The doctrine of justification by faith alone has always been attacked. Of course it was one of, if not the central issue of separation between the Church of Rome and the protestant reformers. The Roman Catholic Church still rejects justification by faith alone and the imputed righteousness of Christ. But these doctrines, which go hand-in-hand are also attacked within Protestantism by liberals and pelagians. More recently, the so-called New Perspective, led by scholars such as E.P. Sanders, James D.G. Dunn, and N.T. Wright have denied or radically altered the orthodox and, I am convinced, biblical understanding of how sinners are justified before a holy God. But the problem not only comes from those who deny but from those who ignore. How many evangelicals ever hear sermons on justification by faith alone in Christ alone? What good is it to affirm a doctrine but then ignore it? If indeed it is true that justification by faith alone is the doctrine of the standing or falling of the church then this is a serious issue.
In his introduction to the timely and important book “By Faith Alone” David Wells writes:
In the sixteenth century, Luther stood his ground where Paul, many centuries earlier, had done so. Despite the light that the New Perspective claims to have cast on Paul’s doctrine, I am still persuaded that Luther actually got it right and that Paul thought about justification as the church, following Luther, has always judged that he did and not as the New Perspective now imagines. The Judaizers then and the medieval in Luther’s day alike thought that by the keeping of the law, salvation could be merited. Paul first, then Luther later, rejected this, and Luther rejected it because Paul had done so. The reason, quite simply, was their far deeper, far more realistic, and, indeed, far more biblical reckoning with the depths of human sin, its pervasiveness, and the innate corruption it has wrought throughout human nature. How, then, are humans to render up an obedience to the law which is not itself corrupt? The apple of our best works, while rosy and attractive on the outside, is always inhabited by a worm that has destroyed it from within.
So it was that Paul, and indeed the New Testament, led us to see that we contribute nothing ot our salvation except, as Archbishop William Temple would later say, the sin from which we need to be redeemed. We are as paupers who stand empty-handed and gratefully accept whatever kindness is offered to us. That kindness comes in the form of Christ’s substitution on our behalf, in our place, dying the death that we deserve, bearing in himself God’s righteous judgment for our sin, and clothing us in a righteousness not our own. That is the New Testament gospel. That is what Paul calls God’s ‘inexpressible gift,’ one received by the empty hand of faith alone, and that has always been the evangelical message. Believing this gospel, believing in its New Testament formulation, is what evangelicalism has always been about.
In the last few decades however, a second church constituency has been emerging, first in America, and now, like so many other things American, it is being exported overseas. It is made up of a generation of pragmatists, initially Baby Boomers but now spilling out generationally, who have lived off this reformational understanding as does a parasite off its host, separate but surreptitiously using its life and slowly bringing about the death of its host.
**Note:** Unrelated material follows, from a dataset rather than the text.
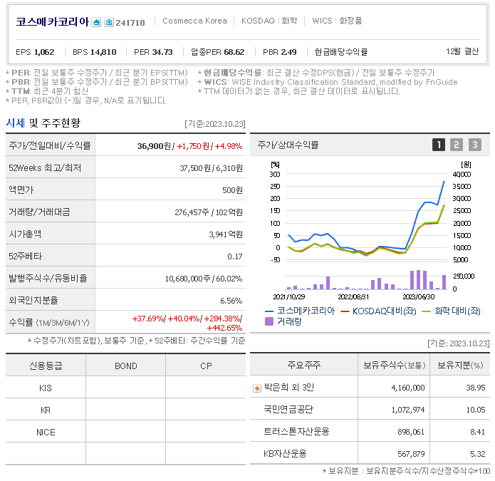 코스메카코리아 현재 주가는 36,900원이며 전일 대비 원의 모습을 보이고 있습니다. 코스메카코리아의 주주현황을 살펴보면 박은희(외 3인)이 지분 38.95%를 소유하고 있습니다. 코스메카코리아는 개인생활용품 기업으로 장중 기준으로 주가는 36,900원 입니다. 삼성전자의 시가 총액은 3872억 원이며 발행 주식수는 6.56주 입니다.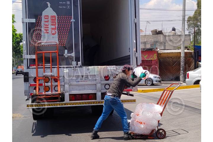 Un trabajador acomoda bolsas de hielo en un diablo en la alcaldía Iztapalapa

These pragmatic entrepreneurs, these salesmen of the gospel, may not always deny reformational understanding overtly, but even if they do not, they always hide it from view. They shuffle off this orthodoxy into a corner where they hope it will not be noticed. To the seekers who are so sensitive and who are their target audience, this orthodoxy would be quite incomprehensible, not to say off-putting. So, it is covered up because it is judged to be irrelevant to what is of interest to them and to those who are in the business of selling Christianity; it is likewise judged to be irrelevant to their work.